The Limits of Comparative Effectiveness Research
July 12, 2011
Public and private payers for health care hope to use comparative effectiveness research (CER) to cut costs without reducing quality of care. CER measures the effects of different drugs or other treatments on a population with the goal of finding out which ones produce the greatest benefits for the most patients. The potential short-term savings are significant, say Tomas J. Philipson of the University of Chicago and Eric Sun of Stanford University.
- For example, antipsychotic drugs represent one of the largest and fastest-growing expenses for Medicaid.
- In 2005, a CER analysis of antipsychotic drugs found little difference between the effectiveness of older, cheaper antipsychotics and that of more expensive "second-generation" drugs.
- Philipson and Sun determined that if reimbursement policies had been changed in response and Medicaid had stopped paying for the more costly drugs, it would have saved $1.2 billion out of the $5.5 billion that it spent on these medications in 2005.

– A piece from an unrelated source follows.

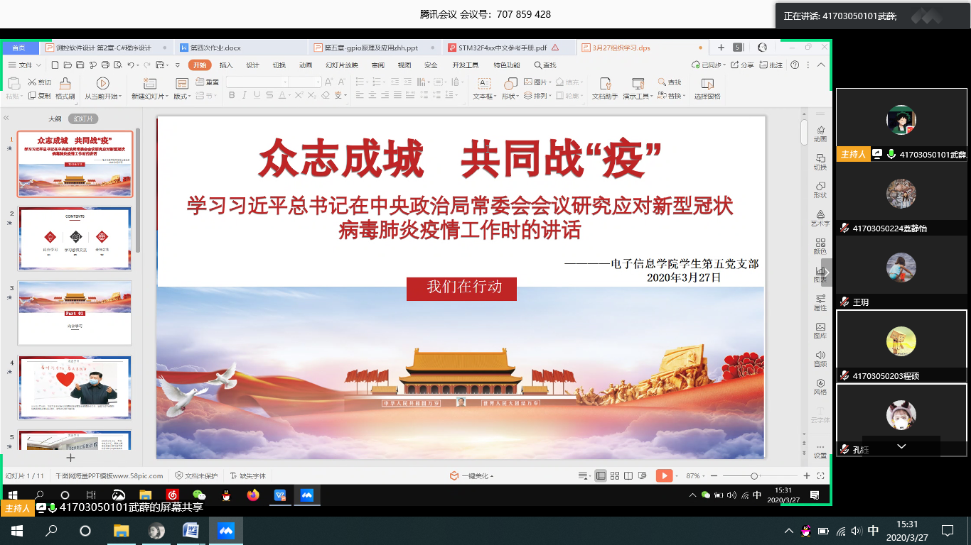 3月27日,2026世界杯官方合作网站员工第五党支部开展“习近平在中央政治局常委会会议研究应对新型冠状病毒肺炎疫情工作时的讲话”专题学习会,会议由支部书记周梦宇主持,支部全体党员参加此次线上会议。

- However, the consequences of this policy shift would have been worse mental health for many thousands of people, resulting in higher costs to society that would equal or outweigh any savings in Medicaid costs.
How can it be that, when a CER study shows no difference between two drugs, limiting coverage for the more expensive drug could actually increase costs? The answer is that in most CER studies, it is the drug or treatment with the larger average effect on an entire population that wins.
- First, individuals differ from one another and from population averages. Therefore, what may be on average a "winning" therapy may simply not work for a large number of patients.
- The second reason is the variance in dependence in patient responses across therapies.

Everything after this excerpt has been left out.